HP ProBook 640 G8 imaging extremely slowly
-
@jacob-gallant said in HP ProBook 640 G8 imaging extremely slowly:
… HP ProBook 640 G8s …
Can’t find any valid information on the NIC build into this device. Please schedule a debug deploy (same as you do a normal but in the FOG web UI just before you click the button there is a checkbox for debug). Boot it up and hit ENTER twice to get to the command shell. Now run
lspci -nn | grep -i net
, take a picture and post that here in the forums.Our storage nodes are a mix of versions, but we’ve tried one running 1.5.0 and others running 1.5.9 and it made no difference.
Are those storage nodes connected to each other? Replication would go wild if you use versions older and newer than 1.5.4 in one storage group.
-
@jacob-gallant FWIW: if you are running older versions of the inits they may be missing the NVMe kernel parameter that keeps the NVME drives from going into low power mode during imaging.
You really should have all storage nodes and master node running the latest code.
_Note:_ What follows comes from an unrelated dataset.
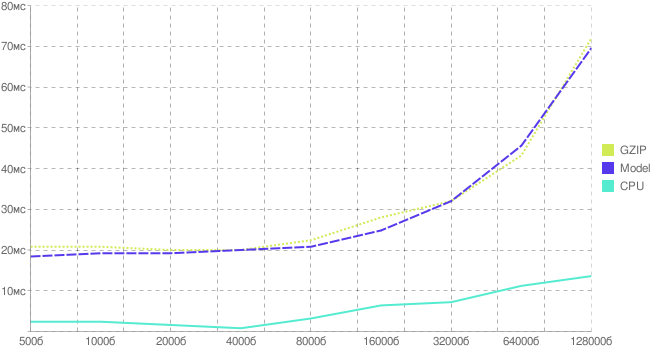 Рис. 2.3 . График реальных и модельных издержек на gzip-сжатие

Then be sure to upgrade the FOS linux kernel to 5.8.16 via the FOG Configuration -> Kernel update page.
-
@sebastian-roth Couldn’t upload properly so hopefully this works: https://photos.google.com/share/AF1QipMf8sITfjDD3zQBcV1mXLrayWD2E6BfHazYGu8XSGWsQidx_KZ4L8em9k-yrTGMtA?key=NTluWlR3VDlWMjhBb2NtdUc5bVk1akRtZWY3Z1Jn
And no, we don’t replicate between storage nodes.
-
@george1421 Thanks george, I realize the different versions aren’t a great idea but we just don’t have the cycles to get them upgraded together all the time.
I couldn’t find a “5.6.18” version of the inits, so I copied over the latest from https://fogproject.org/inits but maybe that was the incorrect way to do it…
-
@jacob-gallant I don’t think I would mix kernel and inits. You might want to roll the changes back. Then setup a global kernel parameter (fog configuration->fog Settings) and set this parameter
nvme_core.default_ps_max_latency_us=0
Then reimage and see if your imaging times improve. -
@george1421 Thanks george. I’d prefer not to mix kernels and inits, but I couldn’t even get the devices to register until I upgraded to the 5.6.18 kernel and I couldn’t find an init to match. It’s possible I just don’t know where to look.
I’ll give the global kernel parameter a shot.
-
@george1421 Kernel parameter didn’t make a difference unfortunately.
-
@jacob-gallant This one is a bit troubling.
5-6MB/min is super slow. That’s about half of the bandwidth of a 100 Meg network link.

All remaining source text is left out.